= Southern Gothic (2007 film) =

2007 film directed by Mark Young

Southern Gothic is a 2007 American film starring Yul Vasquez, William Forsythe, Jonathan Sachar and Nicole Duport, directed by Mark Young.

== Premise ==
A cult preacher, seeking the favours from a stripper, becomes a vampire.

==Cast==
- Yul Vazquez as Hazel Fortune
- William Forsythe as Pitt
- Jonathan Sachar as Daniel
- Nicole DuPort as Starla
- Dani Englander as Ava
- Emily Catherine Young as Hope
- William Boyer as Virgil
- April Carroll as Firegirl
- Steve Fortner as Zeek
- Brett Gentile as Melvin
- Bob Hungerford as Motel Clerk
- Carrie Anne Hunt as Cheerleader
- Joe Inscoe as Silas Freeman
- Johanna Jowett as Crystal
- David Loyer as Strip Club Patron

== Home video ==
A DVD version was released in 2010.

== Reception ==
Eye For Film gave the film a mixed review stating, "It also doesn't help that the film's best moment, in which a serial killer type stabs a woman to death only for her to then rise up and rip his jugular open, comes right at the start, establishing expectations that the remainder cannot fulfill." The German film magazine Cinema was more negative and described the film as "A B-movie that is visually shocking, but 'lacks blood' in terms of content and technique." as was FilmDienst, judging it was a "(v)isually rather restrained, otherwise highly abstruse horror film that uses the genre as a background for a wildly confused love story."

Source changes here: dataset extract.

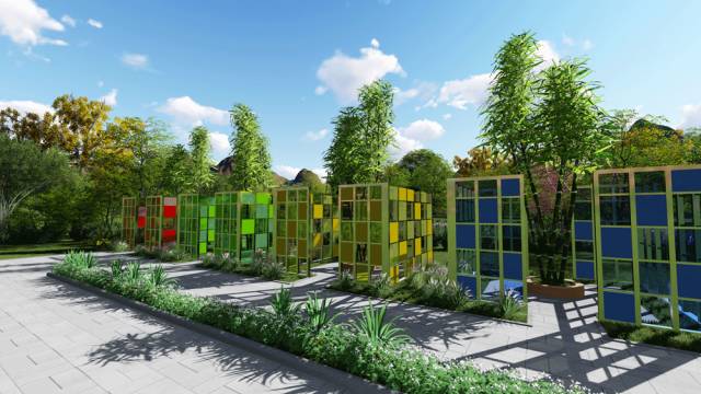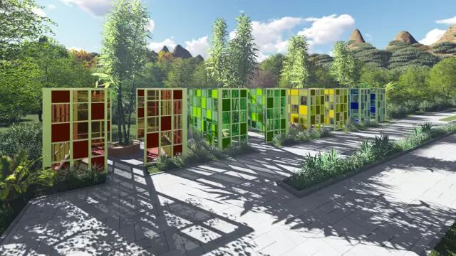 本设计提取国外的基督教堂的色彩元素,同时也打破中国墓区原有色彩,使用比较艺术的色彩,色彩的运用打破了以往墓区带来的凄凉,在光线的照射下色彩斑斓,宛若梦幻般的天堂,这契合了大家希望逝者去到一个美丽的天堂。自古有天圆地方的说法,外观形式采用方形,里面是圆形的花坛,同时有座椅的功能,祭拜者可以坐在这里休息、缅怀逝者。墙面的方格,交错做成盒形,用于安放骨灰盒。墙面设计成半包围状,营造了一个私密的空间。

Mountain Xpress film critic Ken Hanke could not finish watching director Mark Young's previous film Phreaker so felt uneasy about Southern Gothic which he concluded was "a much better work and certainly worth a look for genre fans". In a positive review, Matt Brunson of Creative Loafing Charlotte wrote, "Narratively, local filmmaker Mark Young's vampire tale may not seem as original as his past efforts Phreaker and Dead Bodies, but visually, it (pardon the pun) goes right for the jugular, and it offers a juicy role to character actor William Forsythe (The Devil's Rejects) as a bloodsucking preacher."

In a negative review of the film, Rue Morgues Jason Lapeyre wrote, "Almost every line of dialogue is ridiculous, never once sounding like something a human being would actually say. ... The clunky dialogue would be forgiveable if the movie was any fun, but instead it's weighed down by a faux seriousness that turns every scene into a boring drag".